Missing tensor 'blk.92.nextn.embed_tokens.weight error
Hey all, with LM Studio I get an error when trying to load Q3 variant models giving the following error below from LM Studio:
π₯² Failed to load the model
Failed to load model
error loading model: missing tensor 'blk.92.nextn.embed_tokens.weight'
Using latest LM Studio release and llama.cpp v 1.52.0, wondering if its just due to needing latest llama.cpp which isn't available in lm studio yet perhaps?
Wow, no updates. I'm using the latest KoboldCPP and it won't load - same error for the Q2 quant I used.
I had the same issues, running a two weeks old llama.cpp docker image. "ghcr.io/ggml-org/llama.cpp:server-cuda"

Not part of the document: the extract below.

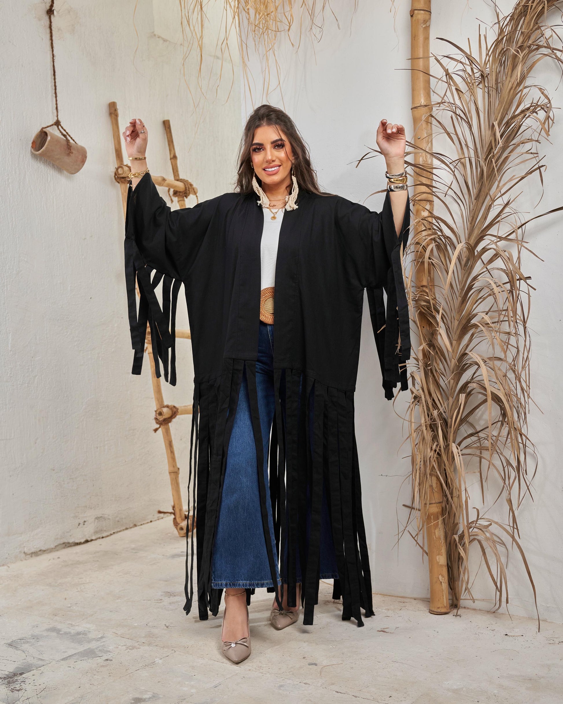 Our Fringe Linen Kimono is now available – effortless elegance with a boho touch!”

After updating to the latest release it now loads fine. (running release version: 6673)
same for me - i have tried with both q6 and q8 quants.

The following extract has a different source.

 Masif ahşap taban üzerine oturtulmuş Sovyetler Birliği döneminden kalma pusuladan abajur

It's the llama.cpp runtime, they added 4.6 support in release b6653 but lmstudio currently on beta and stable channels is at b6651. Will just need to wait for an update to go out for now.
Thanks for the hints!
I've been able, on text-generation-webui on Windows, to load the GLM-4.6 models by doing that command:
pip install llama-cpp-python --upgrade --force-reinstall --no-cache-dir
(take around 5-10 min)
Then I had warning about some extension like coqui-tts or gradio, I've entered into Session and remove all checkbox, save and restart everything. Then my GLM worked perfectly. Most likely as MadManDan said, llama.cpp need to be updated to latest version.